There were 1,650 households in Herculaneum, of which 37.7% had children under the age of 18 living in them. Of all households, 56.0% were married-couple households, 15.1% were households with a male householder and no spouse or partner present, and 21.1% were households with a female householder and no spouse or partner present. About 22.2% of all households were made up of individuals and 10.8% had someone living alone who was 65 years of age or older.

There were 1,730 housing units, of which 4.6% were vacant. The homeowner vacancy rate was 0.9% and the rental vacancy rate was 8.6%.

Racial composition as of the 2020 census
| Race | Number | Percent |
|---|---|---|
| White | 4,224 | 90.4% |
| Black or African American | 72 | 1.5% |
| American Indian and Alaska Native | 17 | 0.4% |
| Asian | 45 | 1.0% |
| Native Hawaiian and Other Pacific Islander | 2 | 0.0% |
| Some other race | 45 | 1.0% |
| Two or more races | 267 | 5.7% |
| Hispanic or Latino (of any race) | 96 | 2.1% |

===2010 census===
As of the census of 2010, there were 3,468 people, 1,309 households, and 927 families residing in the city. The population density was 854.2 PD/sqmi. There were 1,449 housing units at an average density of 356.9 /sqmi. The racial makeup of the city was 95.4% White, 1.8% African American, 0.3% Native American, 1.1% Asian, 0.3% from other races, and 1.2% from two or more races. Hispanic or Latino of any race were 0.9% of the population.
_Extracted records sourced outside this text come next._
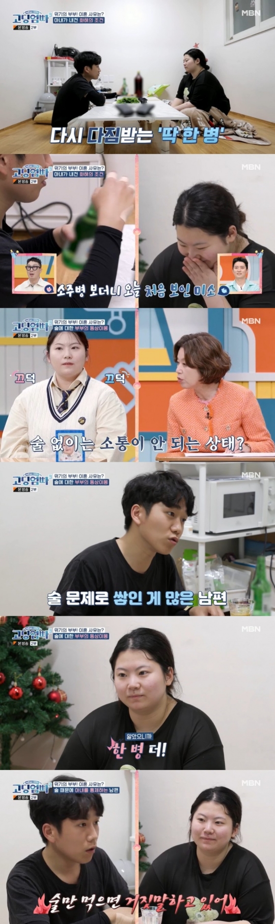 정현석은 "가족도 나 몰라라 할 정도로 마시는 게 좋은 건지 물어보는 거야. 그러면 너는 술을 좋아하면 안 되는 거야"라고 충고했다. 하지만 이다교는 남편의 말은 듣지 않고 술 마시기에만 열중했다. 이어 술을 한 병 더 먹겠다고 말했고, 이에 정현석은 "술만 먹으면 거짓말하고 있어"라며 약속을 지키지 않는 이다교에 화를 냈다.
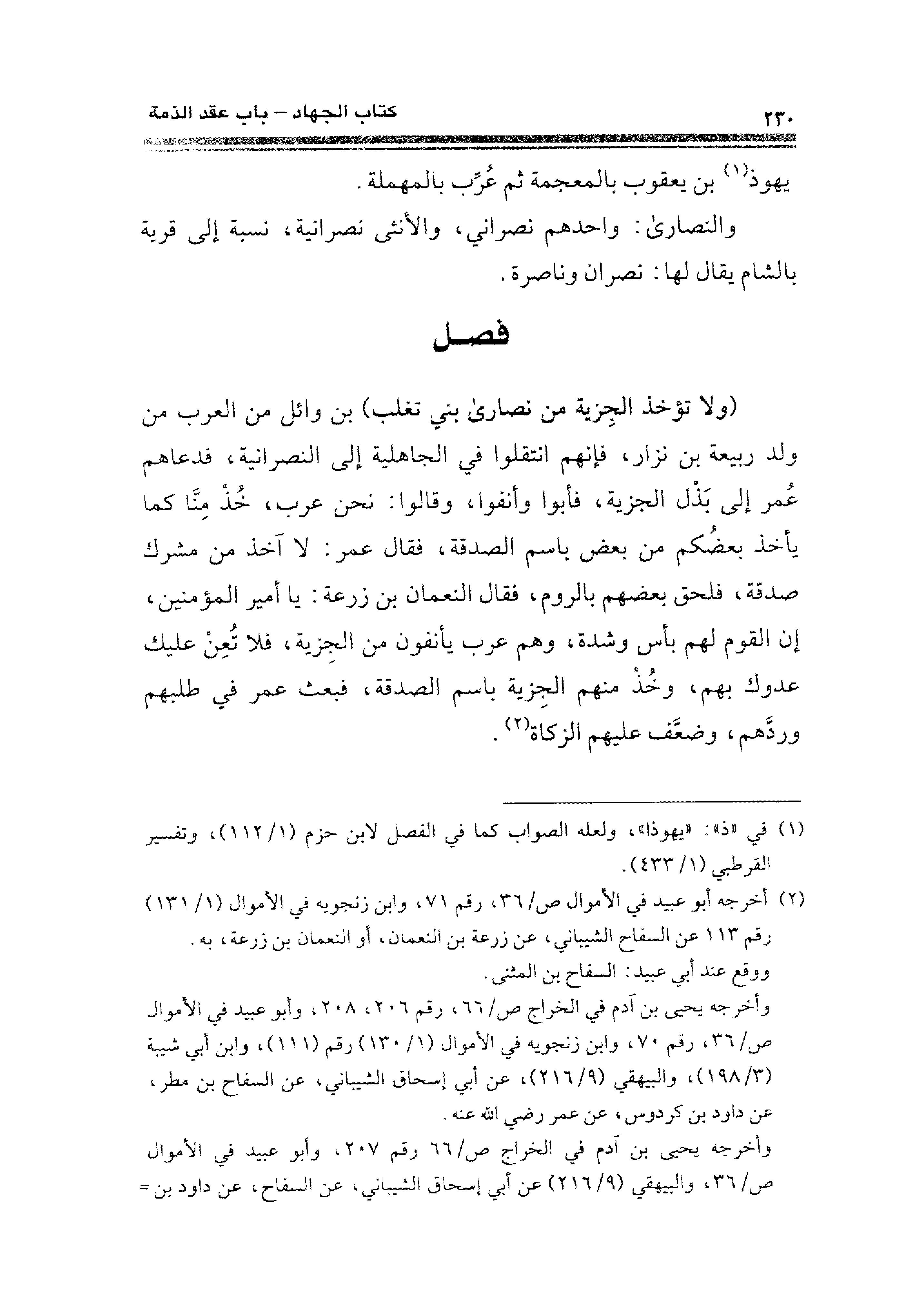 وأخرجه يحيى بن آدم في الخراج ص / ٦٦، رقم ٢٠٦، ٢٠٨، وأبو عبيد في الأموال ص / ٣٦، رقم ٧٠، وابن زنجويه في الأموال (١/ ١٣٠) رقم (١١١)، وابن أبي شيبة (٣/ ١٩٨)، والبيهقي (٩/ ٢١٦)، عن أبي إسحاق الشيباني، عن السفاح بن مطر، عن داود بن كردوس، عن عمر - رضي الله عنه -.
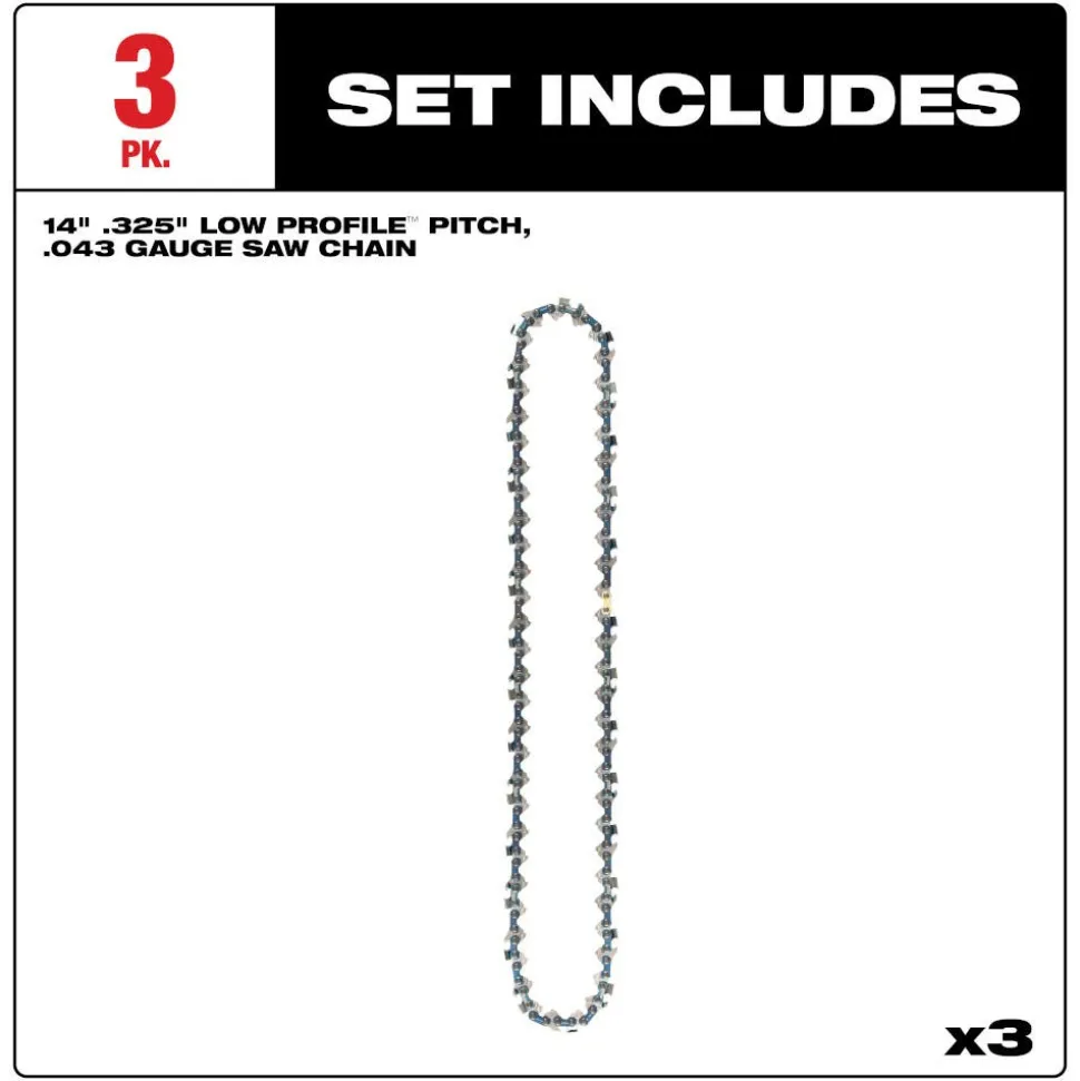 - Includes (3) 14″ .325″ LOW PROFILE™ Pitch, .043″ Gauge Saw Chains

There were 1,309 households, of which 35.8% had children under the age of 18 living with them, 57.3% were married couples living together, 8.3% had a female householder with no husband present, 5.2% had a male householder with no wife present, and 29.2% were non-families. 24.1% of all households were made up of individuals, and 12.9% had someone living alone who was 65 years of age or older. The average household size was 2.53 and the average family size was 3.00.

The median age in the city was 37.8 years. 23.9% of residents were under the age of 18; 6.7% were between the ages of 18 and 24; 29% were from 25 to 44; 24.4% were from 45 to 64; and 16.1% were 65 years of age or older. The gender makeup of the city was 49.0% male and 51.0% female.

===2000 census===
As of the census of 2000, there were 2,805 people, 1,028 households, and 736 families residing in the city. The population density was 815.8 PD/sqmi. There were 1,078 housing units at an average density of 313.5 /sqmi. The racial makeup of the city was 96.65% White, 2.60% African American, 0.18% Asian, 0.04% from other races, and 0.53% from two or more races. Hispanic or Latino of any race were 0.64% of the population.
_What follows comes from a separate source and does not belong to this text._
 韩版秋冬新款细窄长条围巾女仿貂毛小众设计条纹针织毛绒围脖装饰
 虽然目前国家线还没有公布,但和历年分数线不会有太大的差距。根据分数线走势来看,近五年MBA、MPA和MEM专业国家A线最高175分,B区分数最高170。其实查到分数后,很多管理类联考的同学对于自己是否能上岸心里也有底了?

There were 1,028 households, out of which 31.8% had children under the age of 18 living with them, 58.0% were married couples living together, 8.9% had a female householder with no husband present, and 28.4% were non-families. 25.1% of all households were made up of individuals, and 15.6% had someone living alone who was 65 years of age or older. The average household size was 2.52 and the average family size was 2.99.
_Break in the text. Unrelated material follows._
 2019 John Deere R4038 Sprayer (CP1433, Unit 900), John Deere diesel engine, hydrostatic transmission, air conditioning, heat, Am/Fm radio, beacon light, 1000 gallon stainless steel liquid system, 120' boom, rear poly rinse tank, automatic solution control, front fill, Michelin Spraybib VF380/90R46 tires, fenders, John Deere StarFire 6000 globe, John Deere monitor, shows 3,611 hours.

In the city the population was spread out, with 22.6% under the age of 18, 7.2% from 18 to 24, 27.2% from 25 to 44, 21.1% from 45 to 64, and 21.8% who were 65 years of age or older. The median age was 40 years. For every 100 females, there were 88.0 males. For every 100 females age 18 and over, there were 84.1 males.

The median income for a household in the city was $40,365, and the median income for a family was $50,615. Males had a median income of $33,603 versus $25,581 for females. The per capita income for the city was $18,613. About 2.4% of families and 5.7% of the population were below the poverty line, including 3.0% of those under age 18 and 14.3% of those age 65 or over.
==City government==
The City of Herculaneum is a fourth-class city governed by a six-person board of aldermen and a mayor. The day-to-day operations of the city are under the direction of a city administrator.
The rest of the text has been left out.